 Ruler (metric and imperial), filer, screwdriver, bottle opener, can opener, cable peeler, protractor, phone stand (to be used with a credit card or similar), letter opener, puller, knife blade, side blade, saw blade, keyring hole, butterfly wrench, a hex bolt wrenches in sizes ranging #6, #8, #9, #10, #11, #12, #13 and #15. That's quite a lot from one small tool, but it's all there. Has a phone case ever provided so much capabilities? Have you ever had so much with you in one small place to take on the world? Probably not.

...

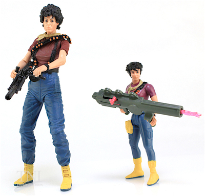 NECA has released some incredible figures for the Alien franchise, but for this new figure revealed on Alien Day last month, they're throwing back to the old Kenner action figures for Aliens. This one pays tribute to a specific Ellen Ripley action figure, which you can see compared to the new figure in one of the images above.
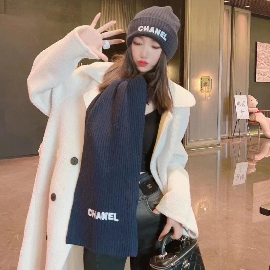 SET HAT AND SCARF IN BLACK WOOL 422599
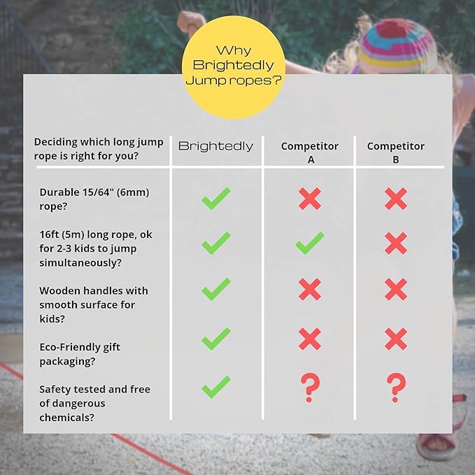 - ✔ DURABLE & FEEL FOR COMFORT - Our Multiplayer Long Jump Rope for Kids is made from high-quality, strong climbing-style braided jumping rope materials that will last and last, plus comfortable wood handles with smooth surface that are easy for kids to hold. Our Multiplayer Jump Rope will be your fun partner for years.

==

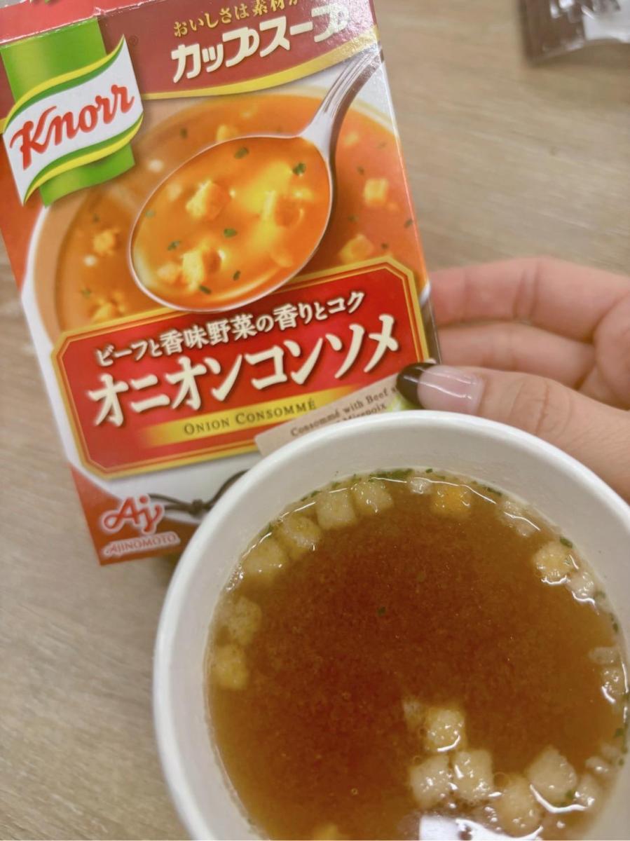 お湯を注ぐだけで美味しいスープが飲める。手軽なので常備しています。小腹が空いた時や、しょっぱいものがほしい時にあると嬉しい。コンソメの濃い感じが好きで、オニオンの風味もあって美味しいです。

◆ **WHAT IS REQUIRED**
In the material above, the stretch from the line with "NECA has released" through the line with "- ✔ DURABLE" is to be given again exactly, minus the pictures.

◆ **THE ANSWER**
 NECA has released some incredible figures for the Alien franchise, but for this new figure revealed on Alien Day last month, they're throwing back to the old Kenner action figures for Aliens. This one pays tribute to a specific Ellen Ripley action figure, which you can see compared to the new figure in one of the images above.
 SET HAT AND SCARF IN BLACK WOOL 422599
 - ✔ DURABLE & FEEL FOR COMFORT - Our Multiplayer Long Jump Rope for Kids is made from high-quality, strong climbing-style braided jumping rope materials that will last and last, plus comfortable wood handles with smooth surface that are easy for kids to hold. Our Multiplayer Jump Rope will be your fun partner for years.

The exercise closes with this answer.